Could you copy exactly the lines below, beginning at the line with "The LOVILDS™ Luxurious" and stopping after the line with "DCMさんの紙&おからの猫砂", with no pictures?

Record set ▸
* * *

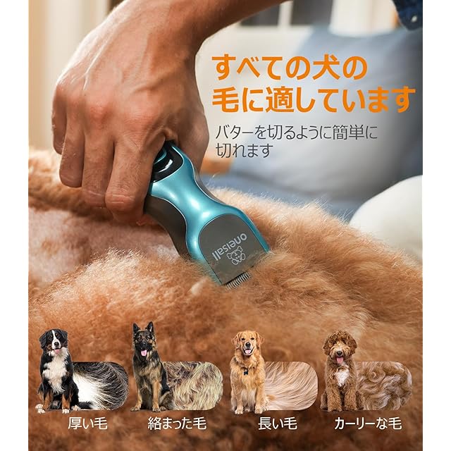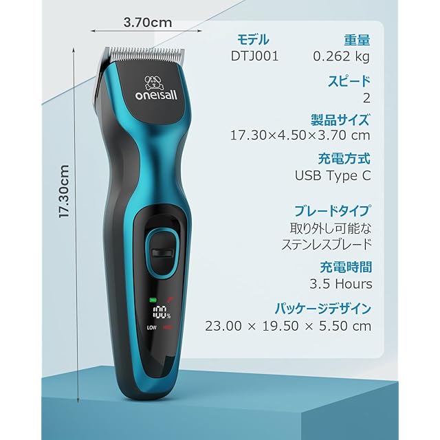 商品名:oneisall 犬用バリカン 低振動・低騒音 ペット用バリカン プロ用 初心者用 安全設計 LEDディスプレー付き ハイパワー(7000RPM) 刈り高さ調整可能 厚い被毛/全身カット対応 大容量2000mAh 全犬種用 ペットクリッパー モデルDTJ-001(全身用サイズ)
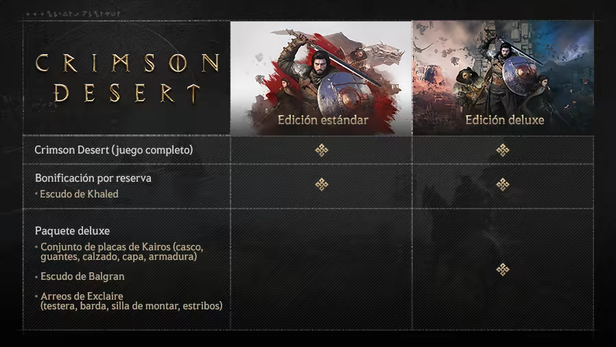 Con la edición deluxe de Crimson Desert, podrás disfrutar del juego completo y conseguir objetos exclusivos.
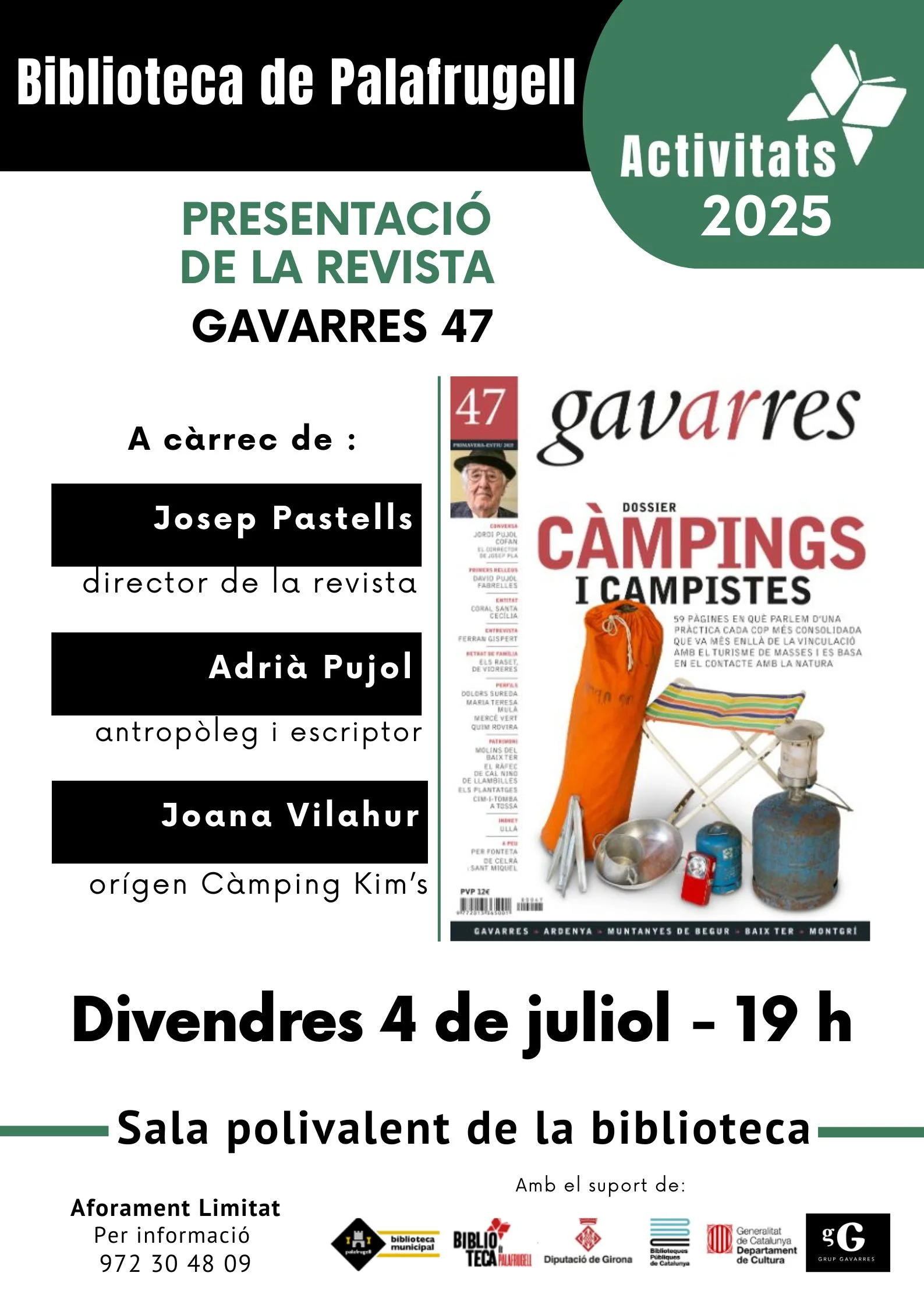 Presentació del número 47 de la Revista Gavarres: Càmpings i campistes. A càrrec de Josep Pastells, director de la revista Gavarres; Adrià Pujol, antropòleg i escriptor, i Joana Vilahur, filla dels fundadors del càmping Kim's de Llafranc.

* * *

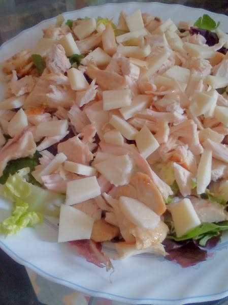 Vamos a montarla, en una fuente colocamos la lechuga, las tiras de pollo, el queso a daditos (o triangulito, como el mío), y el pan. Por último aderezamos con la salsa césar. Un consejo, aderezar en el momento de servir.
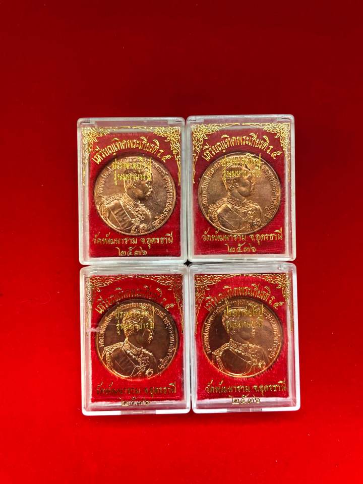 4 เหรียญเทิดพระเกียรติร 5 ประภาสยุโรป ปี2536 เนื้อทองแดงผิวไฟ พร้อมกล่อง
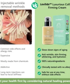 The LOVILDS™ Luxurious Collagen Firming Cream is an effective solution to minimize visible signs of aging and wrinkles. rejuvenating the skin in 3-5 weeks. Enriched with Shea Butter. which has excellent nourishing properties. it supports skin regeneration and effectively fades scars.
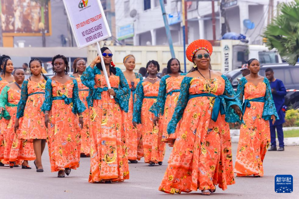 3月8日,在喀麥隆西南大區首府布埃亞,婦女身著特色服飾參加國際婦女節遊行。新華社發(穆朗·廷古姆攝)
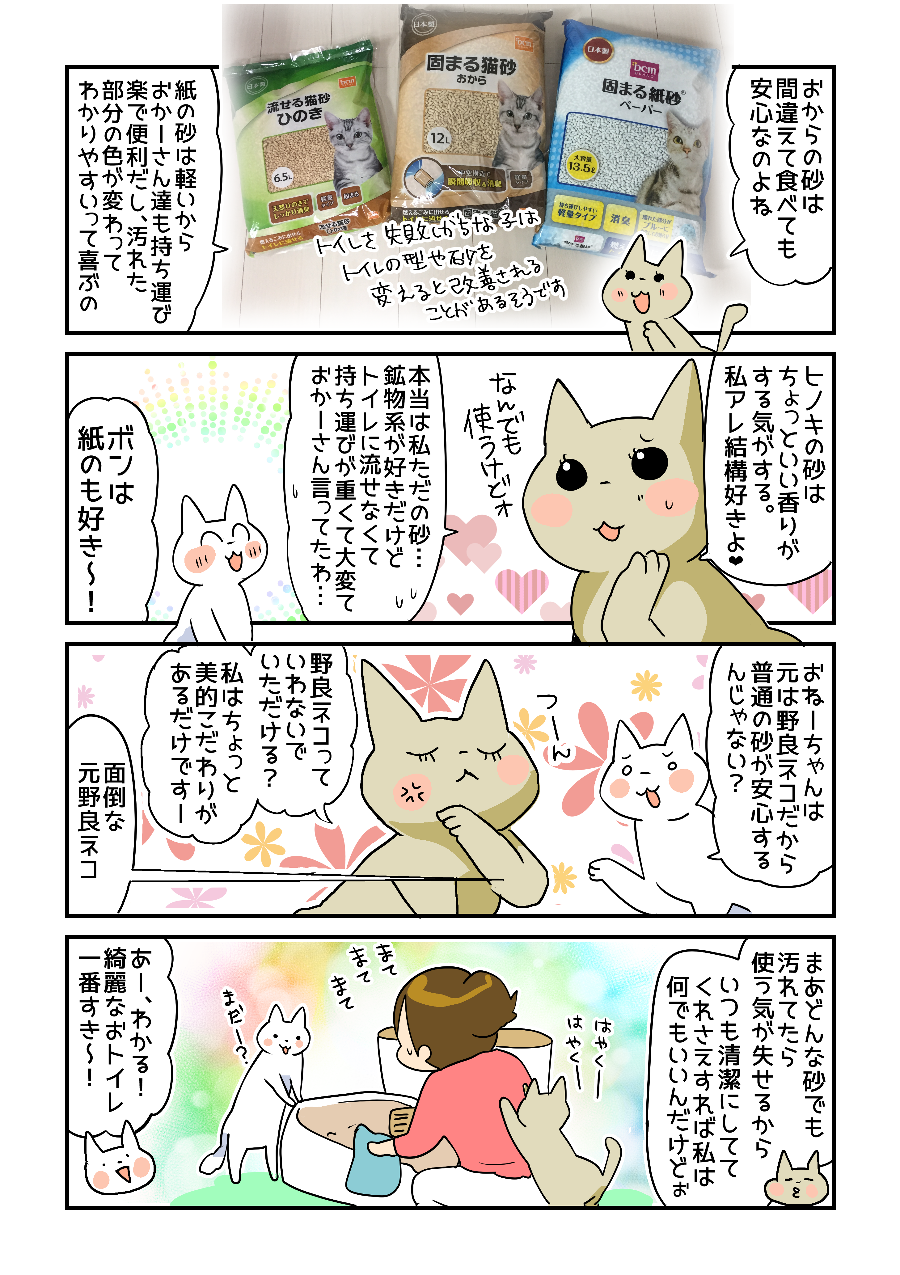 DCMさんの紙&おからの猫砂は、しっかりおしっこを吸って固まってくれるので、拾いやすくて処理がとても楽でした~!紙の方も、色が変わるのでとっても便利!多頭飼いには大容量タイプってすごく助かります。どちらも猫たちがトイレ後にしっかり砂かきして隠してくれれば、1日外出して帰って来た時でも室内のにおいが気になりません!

* * *

Solution for this problem ▸
 The LOVILDS™ Luxurious Collagen Firming Cream is an effective solution to minimize visible signs of aging and wrinkles. rejuvenating the skin in 3-5 weeks. Enriched with Shea Butter. which has excellent nourishing properties. it supports skin regeneration and effectively fades scars.
 3月8日,在喀麥隆西南大區首府布埃亞,婦女身著特色服飾參加國際婦女節遊行。新華社發(穆朗·廷古姆攝)
 DCMさんの紙&おからの猫砂は、しっかりおしっこを吸って固まってくれるので、拾いやすくて処理がとても楽でした~!紙の方も、色が変わるのでとっても便利!多頭飼いには大容量タイプってすごく助かります。どちらも猫たちがトイレ後にしっかり砂かきして隠してくれれば、1日外出して帰って来た時でも室内のにおいが気になりません!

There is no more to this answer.